Well treatment methods utilizing consolidatable epoxy resin-coated particulate materials are disclosed, for example, in U.S. Pat. No. 5,128,390. The entire disclosure of U.S. Pat. No. 5,128,390 is incorporated herein by reference.
U.S. Pat. No. 5,128,390 discloses a method for continuously forming and transporting consolidatable resin-coated particulate materials. In the method of U.S. Pat. No. 5,128,390, a particulate material (e.g., sand) and a hardenable epoxy resin system are continuously mixed with a stream of gelled carrier liquid. The resulting continuous composition is delivered to and/or injected into a desired subterranean zone. As the continuous mixture flows down the well tubing toward the subterranean zone, the composition ingredients are mixed such that the gel-suspended particulate material is thoroughly coated with the hardenable epoxy resin system. After being placed in the subterranean zone, the epoxy resin composition is allowed to harden whereby the resin-coated particulate material forms a hard, permeable, consolidated mass.

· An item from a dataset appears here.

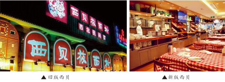 比如西贝莜面村在刚打开北京市场的那几年,店面都是社区店或者临街店,面积大,菜品种类多,顾客群体偏向于上了岁数的社区居民。自从他们开始主攻商场店后,店面面积缩小了,客单价提升,装修风格温馨简约化了(摒弃了之前社区店的陕北风情),如图2-2所示。这时候由于就餐场景发生了很大变化,所以顾客群体中的年轻人逐渐增多。

The hardenable epoxy resin composition used in the method of U.S. Pat. No. 5,128,390 is generally composed of: a polyepoxide resin carried in a solvent system; a hardening agent; a coupling agent; and a hardening rate controller. The hardening agent used in the method of U.S. Pat. No. 5,128,390 is either (a) an amine, a polyamine, an amide and/or a polyamide dissolved in a suitable solvent or (b) a liquid eutectic mixture of amines diluted with methanol.
Epoxy resin system curing agents currently used in the art typically contain 4,4'-methylenedianiline (MDA). MDA is a multifunctional hardening agent which provides desirable cured resin properties. However, since MDA is a carcinogen, costly and tedious procedures must be used in order to monitor worker exposure and to protect workers from overexposure. Thus, a need presently exists for an epoxy resin system hardening agent which provides cured resin properties at least comparable to those provided by MDA but which is also nonhazardous.
As will also be understood by those skilled in the art, a need presently exists for epoxy resin system hardening agents which provide faster curing times without sacrificing resin performance. In some fracturing operations, for example, the proppant material is subjected to substantial formation stresses. These stresses can operate to crush a substantial amount of the proppant material and thereby reduce the conductivity of the proppant bed. The presence of a cured resin coating on the proppant material strengthens the proppant material and protects it from formation stresses. Consequently, the achievement of a more rapid curing rate would accelerate the process by which the protective coating is formed on the proppant material and thereby reduce the amount of proppant crushing which occurs.
As will be further appreciated by those skilled in the art, a need presently exists for a means of eliminating the necessity of using curing accelerators in wells having low bottom hole temperatures. Currently, the use of one or more accelerators in such wells is necessary in order to achieve satisfactory curing rates. However, curing accelerators typically produce an undesirable degree of plasticization in the cured resin system. Curing accelerators also typically operate to undesirably lower the glass transition temperatures of cured resin systems.